Brad Foster (born 22 October 1997) is a British professional boxer who has held the British and Commonwealth super-bantamweight titles since 2019.

Early life 

Brad Foster was born on 22 October 1997 in Walsall, England. At the age of 9 he took up kickboxing. After winning multiple kickboxing championships including British, European and world titles, he turned to boxing aged 18.

Professional career 

Foster made his professional debut on 5 December 2015, winning a four round points decision over Josh O'Donnell at the Town Hall in Dudley, West Midlands.
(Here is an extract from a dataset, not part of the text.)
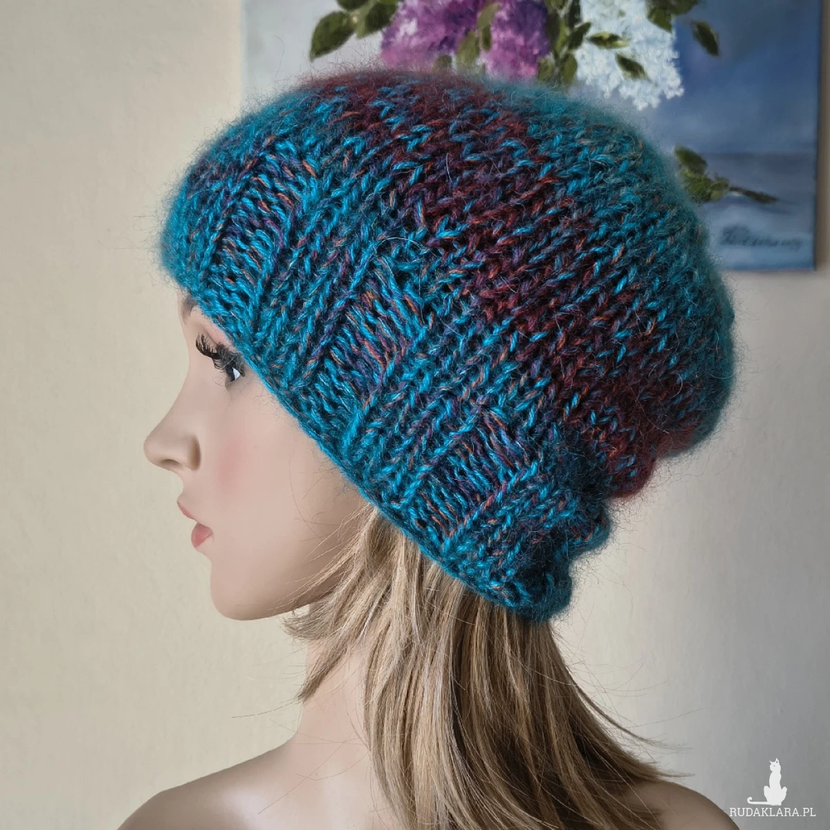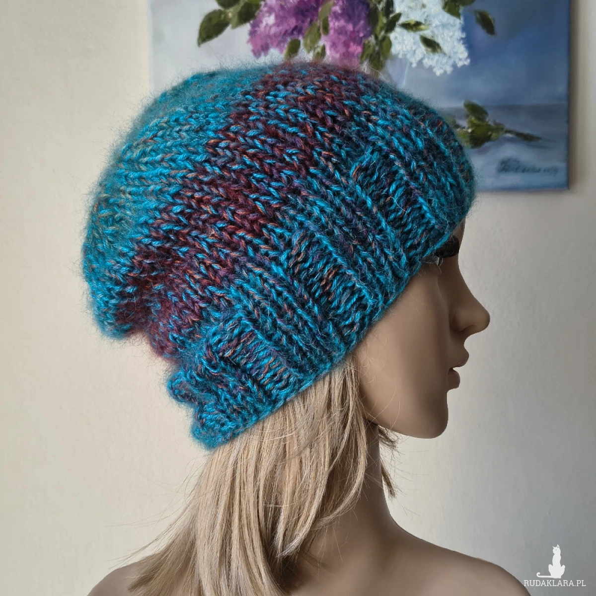 Miła, bezszwowa czapka, wykonana ręcznie na drutach poczwórną nitką z najwyższej jakości włóczek: dwie z nich, to najdelikatniejszy, australijski moher z jedwabiem (70% moher, 30% jedwab), trzecia to urugwajska wełenka merino 100%, czwarta to włóczka akrylowo-wełniana (50%/50%). Czapka jest lekka, delikatnie puchata i ciepła. Niestety zdjęcia nie oddają miękkości i puszystości włóczek, ani ciekawych niuansów kolorystycznych: turkusy, bordo, rdza. Polecam dla obwodów głowy 55-57 cm. Dł. czapki - 26 cm. Pranie - jak w przypadku wszystkich moich wyrobów - wyłącznie ręczne.

In November 2016, he signed a three-year promotional contract with Frank Warren's Queensberry Promotions.

On 20 July 2018, He fought Leon Gower (6–0–0) for the vacant British Midlands Area super-bantamweight title at the Banks's Stadium in Walsall. Foster won the title via eighth-round stoppage.

His next fight came on 8 March 2019 against former British bantamweight champion Josh Wale (27–10–2) for the vacant British super-bantamweight title at the Barnsley Metrodome in Barnsley, Yorkshire. Foster captured the British title by unanimous decision, with the scorecards reading 119–111, 117–112 and 117–111.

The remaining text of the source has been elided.